Once you have delivered the brand, you’ve delivered that website, you’ve got to keep everyone on board. It depends on the size of the organisation – if it is very small, then it’s an easy thing to communicate and manage. But the bigger the organisation, the more of that engagement you need to do in terms of embedding values, communicating your vision, your mission, etc. So there’s still work that has to be done there.

Engagement never really stops. You mustn’t then retreat back into your shell and stop engaging and communicating in that way.

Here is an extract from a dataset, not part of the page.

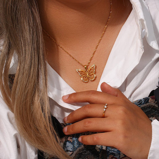 Collier chaîne papillon creux rempli d'or

The secret to a successful rebrand is a high level of engagement

The secret to a successful rebrand isn’t just great creative or top down. It’s a people thing – it’s engagement, the soft fluffy stuff that is the hardest thing of all and exactly the kind stuff that makes a project succeed or fail.

Get the engagement right and your rebrand has a far better chance of landing with your audiences – inside and out. You’ll get a message that everyone gets behind because you’ve brought in people’s voices from the outside as well as within. You’ll get a project that they’ve enjoyed, one they remember for all the right reasons. And you’ll get a brand that propels your organisation forward, so you can make an even bigger impact.

If you have a rebrand project on the cards this year, the one thing you can take away from this is the importance of a high level of engagement throughout.